Comprised of four reels of self-directed film and featuring a diverse array of cities across Europe and parts of Mexico, The World War Against Slums was Charles Palmer’s choice deliverable with which to make his case for publicly-funded housing and slum clearance in US cities, beginning with the University and Techwood Homes projects in his home city of Atlanta, GA.
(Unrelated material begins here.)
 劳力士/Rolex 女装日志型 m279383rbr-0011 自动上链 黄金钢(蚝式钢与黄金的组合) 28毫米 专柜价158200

Palmer screened his short films for governmental officials in Washington, D.C. and at conferences and meetings across the country to share the results of his research into foreign public housing. Palmer often preceded these screenings with speeches that included “submissions of proof”—statistics from the U.S. Public Health Service—used to bolster his campaign for the revolution in urban American living proposed on-screen. At the close of each gathering, Palmer challenged the film’s viewers to “tear apart” his suggestions: to try and prove that proper housing wasn’t a fundamental human right within a modern nation. He argued that:

It is our duty to do so [provide public housing assistance]; our country must have leadership in this great movement by men and women such as those in this room today. We owe it to our country and to ourselves.*

The entirety of these motion pictures and the transcripts for them are made accessible above via links to an external hosting website and through embedded clips of each individual reel with the associated transcripts below. These are provided with great thanks to, and the permission of, Palmer’s descendants and Emory University’s Stuart A. Rose Manuscript, Archive and Rare Book Library.
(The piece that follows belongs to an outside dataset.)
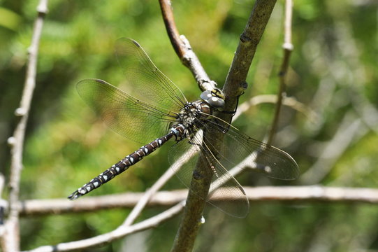 The dragonfly Aeshna subarctica sitting on a twig

*"The World War Against Slums" address by Charles F. Palmer at the Twenty-eighth Annual Convention of the National Association of Building Owners and Managers, Cincinnati, Ohio, June 10-13, 1935, Charles F. Palmer Papers, Box 154, Folder 4, Stuart A. Rose Manuscript, Archives, and Rare Book Library, Emory University.

 

embedded links with full transcripts

Reel 1:

(0:08, scrolling) There can be little doubt that the desire to see the whole population housed within a generation from the present in dwellings large, sanitary, and pleasant enough to make decent living possible is more widely shared at the present moment than any other political ideal save only that of preserving peace.

(0:28) Let’s go and see for ourselves.

(0:32) Come with Us and Learn how Vital this Slum War is to You.

(0:36) Good bye America

(0:39) By Air and Sea the British Welcome the Queen Mary on Her First Return to Southhampton.

(1:14) Off Comes Our Trusty Ford to call on the Slumites of This Sea-Port.

(1:26) Where They Used to Exist.

(1:41) Where They Now Live – Having a Wide – Awake City Government plus John Bull’s Help (26,000 a month being Moved to New Houses From Slums).

(1:58) Two Story Houses on top of Each Other for Those Who Must Live Near the Docks.

(2:14) The New Fiver Year Slum Clearance Plan well along towards Rehousing 1,200,000 People, “The most remarkable success achieved by the National Government,” Says the London Times.

(2:25) The City of Leeds is a Leader, Housing 140,000 of Its 487,000 Population thanks to the Reverend Charles Jenkenson, M.A., L.L.B.

(2:34) Quarry Hill being Cleared to House 939 Families, Employing the Mopin System of Construction.

(3:04) One Apartment in Twenty Must be the “Sunshine” Home for Consumptives.

(3:17) Thirty Per Cent of the Housing is for the Aged.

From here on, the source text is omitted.